27-09-2007

Solitude (fin) : il y a solitude et solitude

Jusqu’ici, j’ai pris le mot solitude au sens péjoratif et restreint d’isolement.

Mais la Pensée traditionnelle enseigne que la vraie solitude est positive. Le sentiment d’être isolé, vide et déraciné, demeure aussi longtemps qu’on cherche à s’en évader. Je ne parle plus ici de la nécessité d’organiser sa vie, de mettre de la cohérence dans son quotidien, mais d’une expérience que chacun doit faire, qui se trouve au-delà de l’organisation de sa vie et de la cohérence. Il n’y a pas de contradiction, c’est une question de niveau de fonctionnement : à un niveau de fonctionnement, j’organise ma vie quotidienne; à un autre niveau, je me retrouve malgré tout seul avec moi-même sans chercher à fuir… Car la solitude est inéluctable. Comme nous naissons seuls et que nous mourrons seuls.
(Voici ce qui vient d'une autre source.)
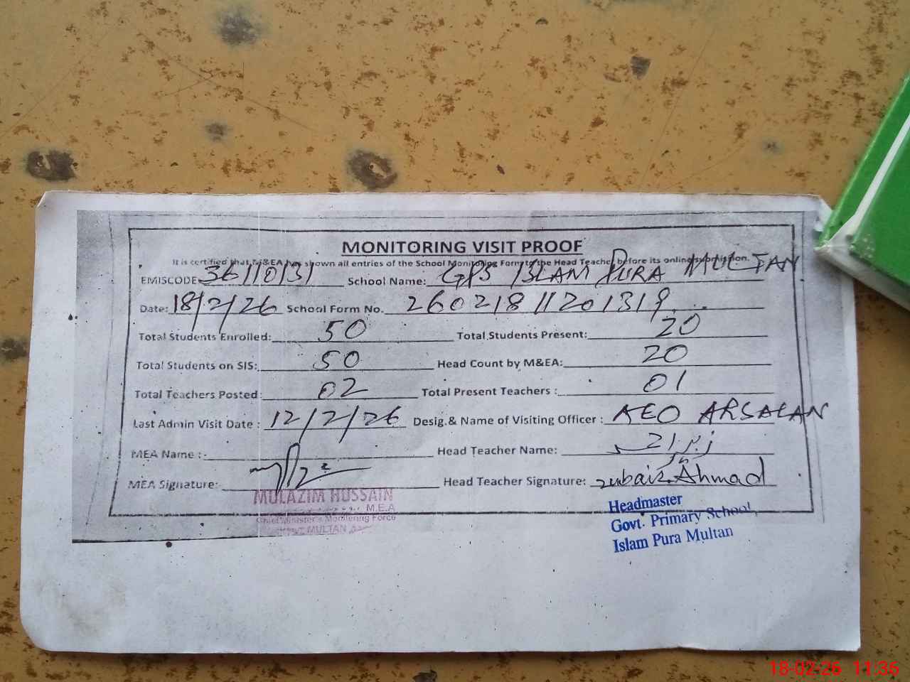 | Attendance Register | Head Teacher | MEA with School | Visit Proof |

Mais la conscience de cette solitude est positive. Aussi longtemps que nous cherchons à nous étourdir, nous éprouvons ce sentiment d’isolement; aussi longtemps que nous cherchons à fuir la solitude…

 »Toute notre culture, dit KRISHNAMURTI, est basée sur ces évasions. »

L’isolement se trouve transformé dès qu’on cesse de fuir; dès qu’on est décidé à affronter ce qui est. Et la solitude apparaît alors sous son aspect positif. Dans la mesure où notre sentiment d’isolement découle en partie de l’expérience de la naissance, de ce que tout à coup l’être se trouve séparé de ce qui l’englobait, la recherche de son origine cosmique est susceptible de combler petit à petit son vide intérieur, en lui donnant le sentiment d’être rattaché à quelque chose. Il s’agit de s’interroger sur le sens de l’incarnation. De savoir à quoi l’être, ultimement, se rattache. La conviction que l’expérience de l’incarnation a un sens; ou encore une simple ouverture sur une explication positive, est de nature à atténuer la souffrance qui découle du sentiment d’être isolé. Ce qu’il faut surmonter, c’est l’isolement et un certain état d’esprit.

La solitude, au vrai sens du terme, c’est une occasion de silence : de faire un peu le silence et de passer à l’écoute de soi. Il ne faut pas fuir la vraie solitude. Elle est inévitable. Il faut plutôt l’apprivoiser. Et découvrir ce qu’elle peut nous apprendre : le silence qui seul permet d’être à l’écoute de soi.